I refer to the letter “Community interest should not become tyranny of the majority” (Nov 28). “Compromise” is easier said than done.

To consider an issue outside Singapore, to allow for some distance and, perhaps, objectivity, let us take a hot issue in the West, specifically the United States: Abortion. One who is pro-life believes that life begins at conception, or very soon after, and abortion is murder.

One who is pro-choice believes that a woman has full autonomy over her person and should have the right to control what happens to herself. Forcing a woman to have a child against her will is a form of subjugation.

How does one arrive at a compromise? For pro-lifers to compromise, it is to allow murder. For those who are pro-choice to compromise, it is to surrender their autonomy and personhood, and allow others to dictate their lives.

The point is that as long as values — and morality is a set of values — inform one’s position on issues, how does one compromise them? If they are easily compromised, does one really value them?

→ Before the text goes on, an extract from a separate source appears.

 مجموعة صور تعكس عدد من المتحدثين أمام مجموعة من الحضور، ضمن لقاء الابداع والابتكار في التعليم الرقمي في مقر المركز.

Or does compromise mean that the other person compromises his heathen values because one’s own values are true and divinely informed?

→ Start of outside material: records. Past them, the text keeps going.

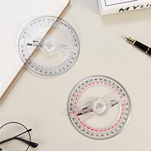 Goniometro da 360 grad,2 pezzi righello goniometro trasparente strumento di misurazione modello strumento di misurazione dell'angolo cercatore braccio oscillante righello angolare per scuola (Clear01)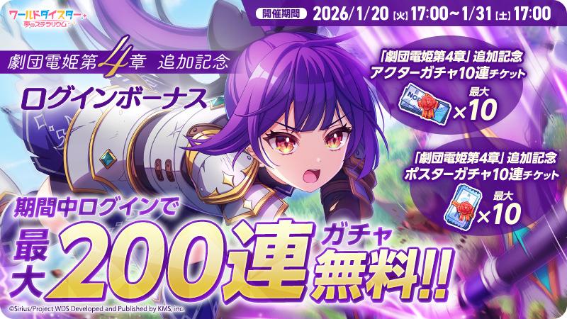 ポスターガチャ最大100連が引ける特別なログインボーナスを開催いたします。
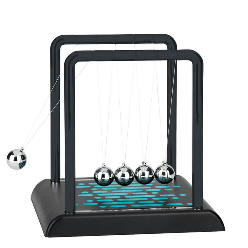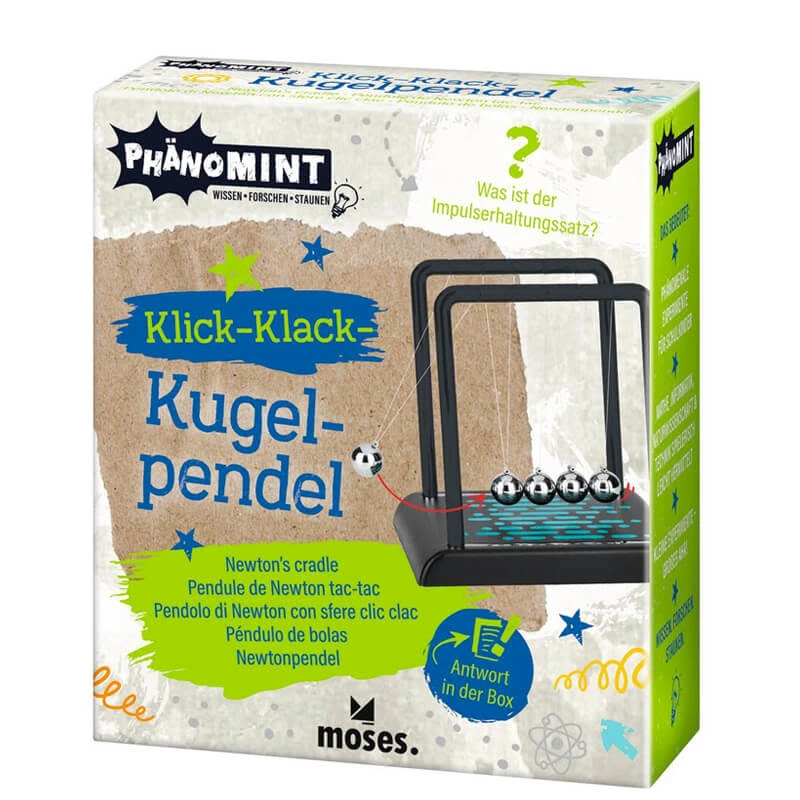 Met een zachte klik-klak zwaaien de metalen balletjes heen en weer en zorgen voor een fascinerend schouwspel. Welke mysterieuze kracht zorgt ervoor dat de bol aan beide uiteinden beweegt? Interessante informatie over het wetenschappelijke fenomeen “wet van behoud van momentum” in de verpakking geeft het antwoord. Uniek cadeau voor nieuwsgierige kinderen!

How do you tolerate other values when they are misinformed and wrong? For if they are not wrong, it would mean that you may be wrong.

How do you respect other values, when they are clearly pagan or simply superstitions masquerading as religious values? For if their values are based on truth, then yours may not be.

“Tolerance, respect and compromise” are indeed easier said than done, and rest on two other virtues.

First, to respect others requires humility. To tolerate other values requires humility and the niggling suspicion that you might be wrong. To compromise requires an acceptance that your solution may be wrong.

That brings us to the virtue of fallibility or uncertainty. Self-confidence is not the unshakeable faith in one’s infallibility, but a personal commitment to do what is right when one learns what is right.